Segment Open

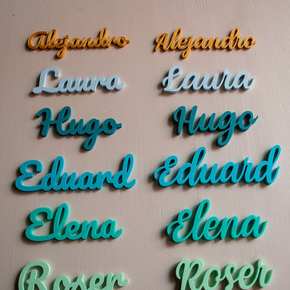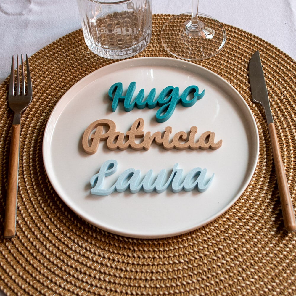 Dale un toque único a tu evento con nuestros marcasitios personalizados en 3D. Hechos a medida con impresión 3D de alta calidad, son ideales para bodas, bautizos, comuniones o celebraciones especiales.
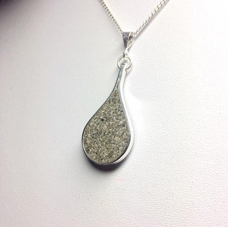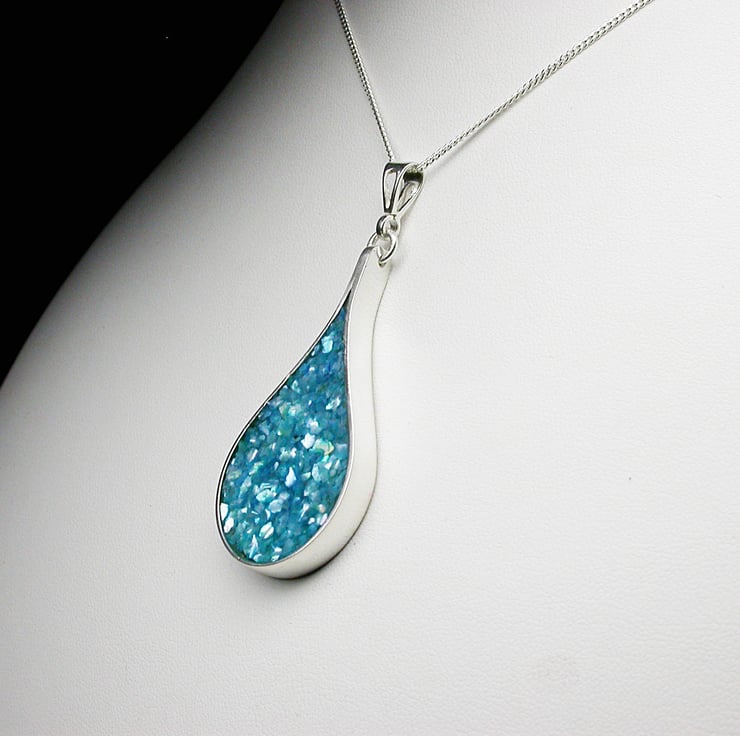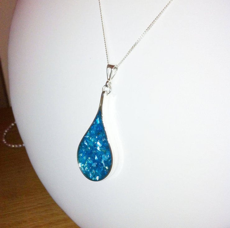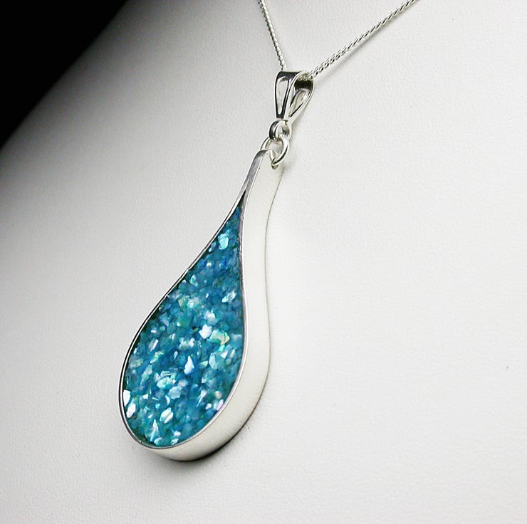 This beautiful Teardrop Pendant Necklace is handmade in highly polished Sterling Silver. The front of the pendant is set with crushed Blue Seashell in a durable hard resin. The reverse can be a flat satin shell finish, or, as part of the Memorial Cremation Ashes Collection, can be set with the Cremation Ashes of a loved, passed relative or pet. The pendant necklace provides a lovely discreet way to keep your most precious memories close. Alternatively, if preferred, the memorial ashes can be mixed with the coloured seashell which provides a mildly flecked appearance, and only you know they are there.
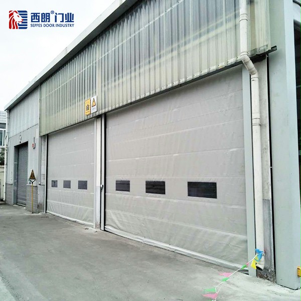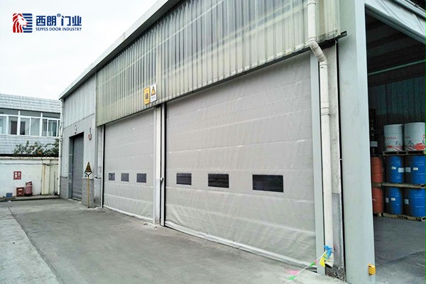 超大快速堆积门、折叠门,适合大型车间及超大内部环境阻隔封闭,门帘由轻质尼龙纤维织物及钢质抗风杆组成,抗风能力强,阻隔面积大,防尘、防虫,保温。西朗门业上海快速堆积门也称背带式堆积门、堆叠式快速门,顾名思义,门帘是分层堆积的上升方式,阻隔和封闭效果是工业门的首选。
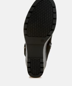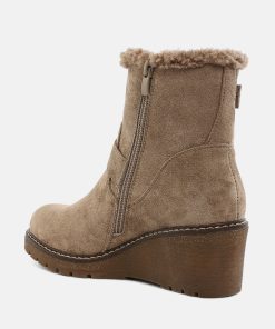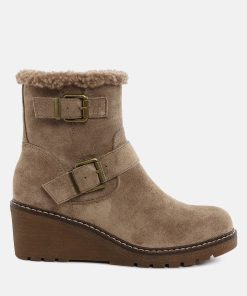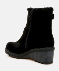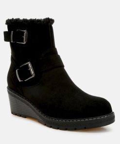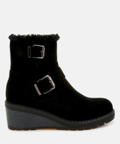 The high ankle boots are edgy and bold with the harness detail and faux fur collar! The cushioned insole and low wedge heels offer a comfortable and relaxed fit. Pair these with London Rag clothing for the best ensembles!
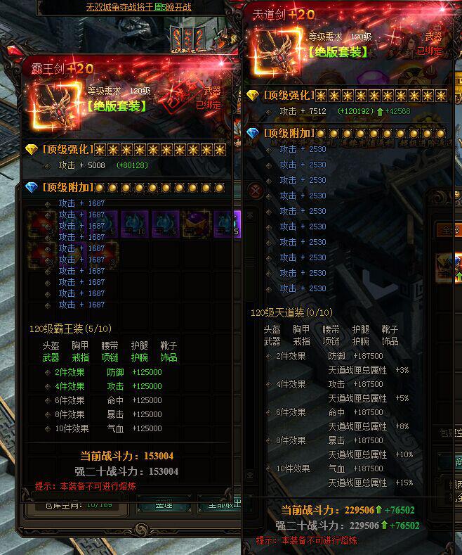 天之道,损有余而补不足,成为一方霸王之后的目标当然是立地为王,成为一方王者,君临天下,天道套装绝对不容错过!不仅在属性上超越霸王装,其独特的加成天道战匣的属性更是令霸王套装望尘莫及
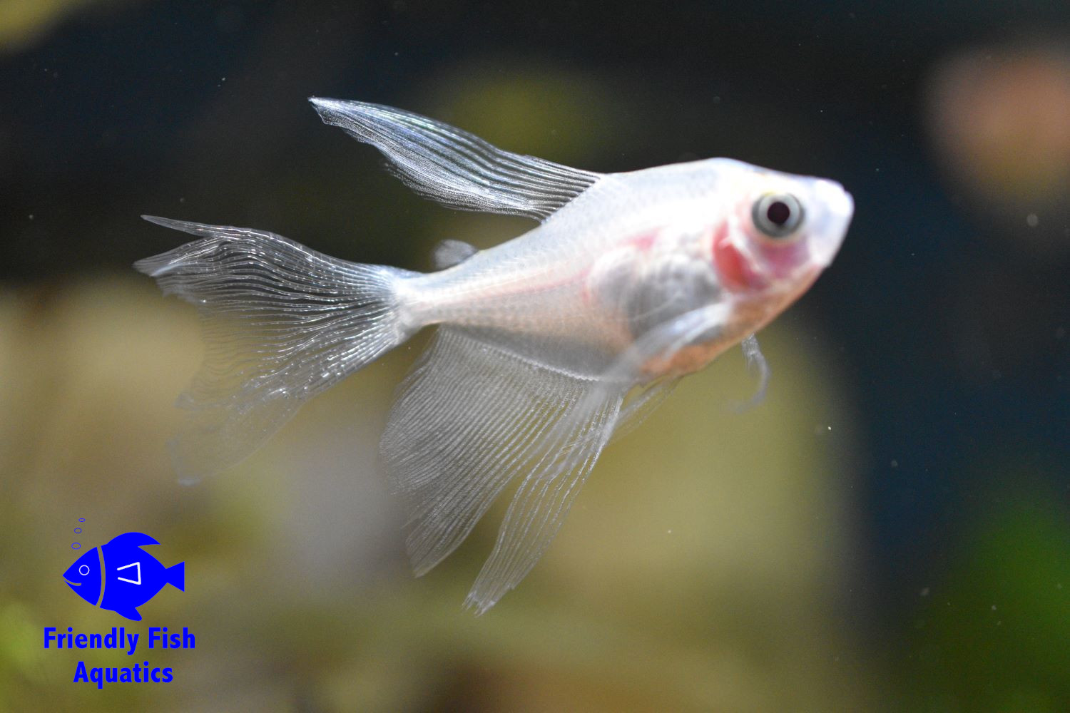 Fun Fact: The long fins of the Long Finned White Widow Tetra are a result of selective breeding, focusing on enhancing their ornamental value. These elegant fins make them a popular choice among aquarium enthusiasts.
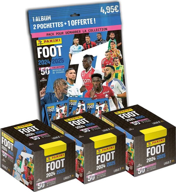 Starter Pack + 3 scatole (=150 bustine) per la collezione di figurine "Panini Foot 2025 Ligue 1". Ogni bustina contiene 7 adesivi.
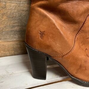 FRYE Womens Heel Boots Size 8.5 Cognac Leather Mid Calf Side Zip 77730 Vintage
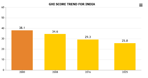After a period of significant gains, global progress against hunger has largely stalled. The world's GHI score of 18.3 in 2025 is only a marginal improvement from 19.0 in 2016.
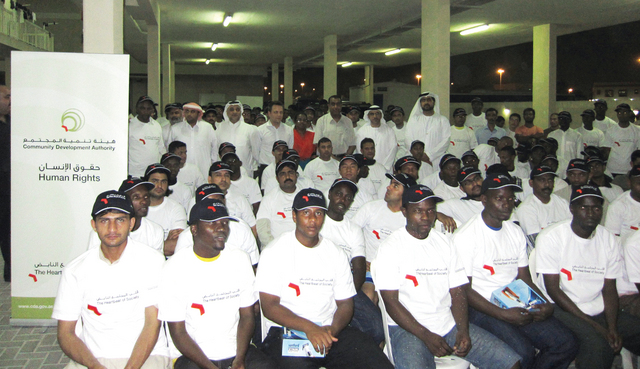 نظمت هيئة تنمية المجتمع في دبي عددا من فعاليات التوعية لعمال إحدى الشركات في منطقة القوز الصناعية،وذلك على مدى يومي 30 أبريل و1 مايو الجاري بعنوان (( الحد من تعاطي المواد الكحولية )) حضره قرابة 500 عامل ، وذلك بالتعاون مع الإدارة العامة لمكافحة المخدرات في شرطة دبي وبمناسبة اليوم العالمي للعمال والذي يصادف الأول من مايو من كل عام،وضمن مبادرة ( أكرم العامل ) التي أطلقتها هيئة تنمية المجتمع في هذا العام.

Segment Closed

Task item: Looking above, find the stretch of lines that opens with the one holding "天之道,损有余而补不足,成为" and closes with the one holding "FRYE Womens Heel". Copy it exactly, pictures excluded.

Problem solution:
 天之道,损有余而补不足,成为一方霸王之后的目标当然是立地为王,成为一方王者,君临天下,天道套装绝对不容错过!不仅在属性上超越霸王装,其独特的加成天道战匣的属性更是令霸王套装望尘莫及
 Fun Fact: The long fins of the Long Finned White Widow Tetra are a result of selective breeding, focusing on enhancing their ornamental value. These elegant fins make them a popular choice among aquarium enthusiasts.
 Starter Pack + 3 scatole (=150 bustine) per la collezione di figurine "Panini Foot 2025 Ligue 1". Ogni bustina contiene 7 adesivi.
 FRYE Womens Heel Boots Size 8.5 Cognac Leather Mid Calf Side Zip 77730 Vintage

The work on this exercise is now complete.